California Family Code Section 307 allows “non-clergy marriage” by “members of a particular religious society or denomination not having clergy for the purpose of solemnizing marriage or entering the marriage relation,” provided that specified forms, including the signatures of two witnesses, are properly completed and filed. The limitation of this type of wedding to members of certain religious groups seems patently unconstitutional, and this law appears vulnerable to the same sort of legal challenge as was successfully made by the ACLU to the Pennsylvania law. Or a city or county clerk could disregard this restriction as unconstitutional, and start issuing license for, and recording, secular marriages without an officiant. (This would be similar to what happened when the San Francisco city and county clerk started issuing licenses for same-sex marriage, disregarding as unconstitutional the sate law which at the time restricted marriage.) But so far as I can tell, this restriction has not yet been challenged.
Definitely not constitutional to ask someone their religion and then deny them a government service based on that answer! I hope someone fights it. Tons of organizations that will do it pro bono. Even after the Allegheny county case, we had a reader fight it in another county further to the east. She won.
It can be done!
Pro bono legal representation isn’t as easy to find as you might think — there are many worthy causes, and only so many staff lawyers or volunteers for civil liberties causes. Organizations and law firms have to make hard choices about which cases are both winnable and important enough to prioritize.

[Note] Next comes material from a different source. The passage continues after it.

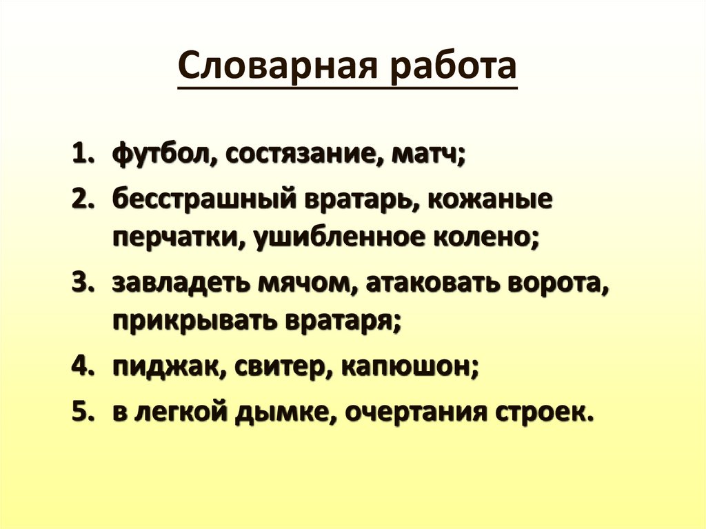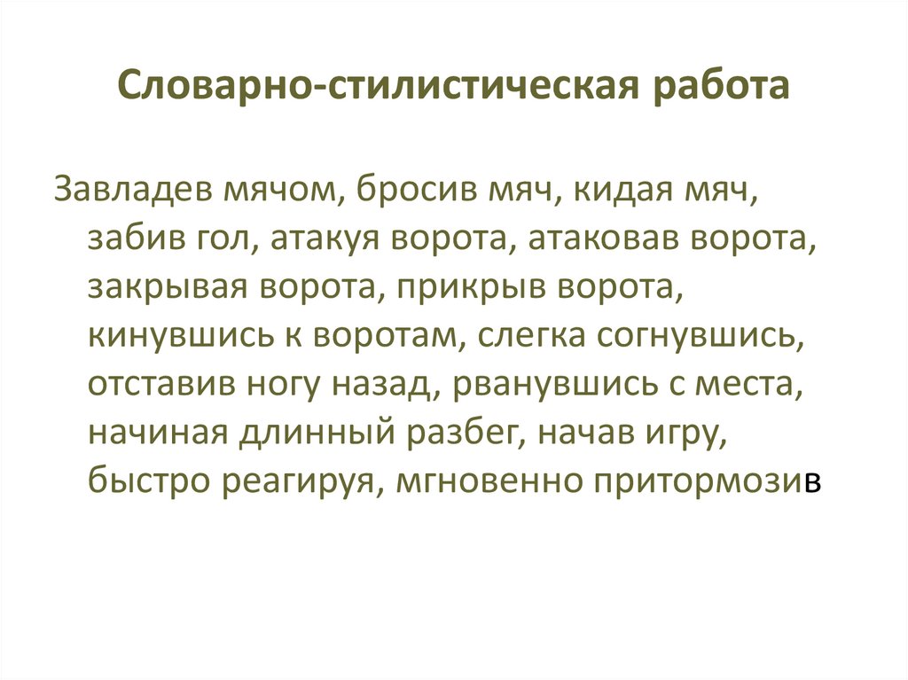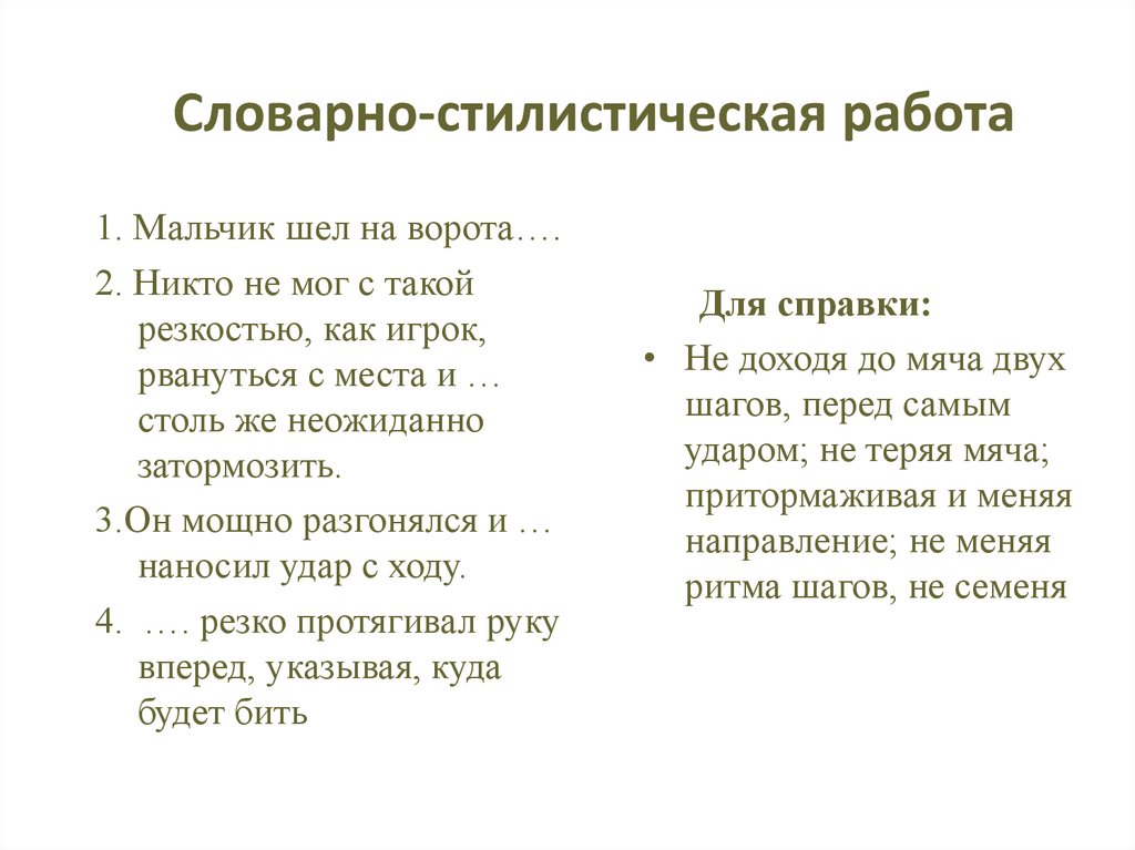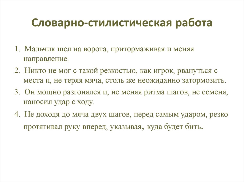 Словарно-стилистическая работа1. Мальчик шел на ворота, притормаживая и меняя

We’ve asked the Northern California ACLU, but haven’t yet heard their decision, which typically takes weeks. They have the resources to take on only a small fraction of the the worthy, winnable cases that are brought to them.
If you have other leads on potential pro bono northern California counsel, please contact me.
I will! If memory serves me, the reader who did it used a group that is also national. I’ll ask some questions and get that info to you!
Blah, I was wrong. She did end up using the ACLU. It took her about a month to hear back, though, before they took her case on. Did you mention the federal precedent set by the PA case? Maybe that would help them make the decision to hop on (as it was a federal judge–US District Court–who made the final decision.)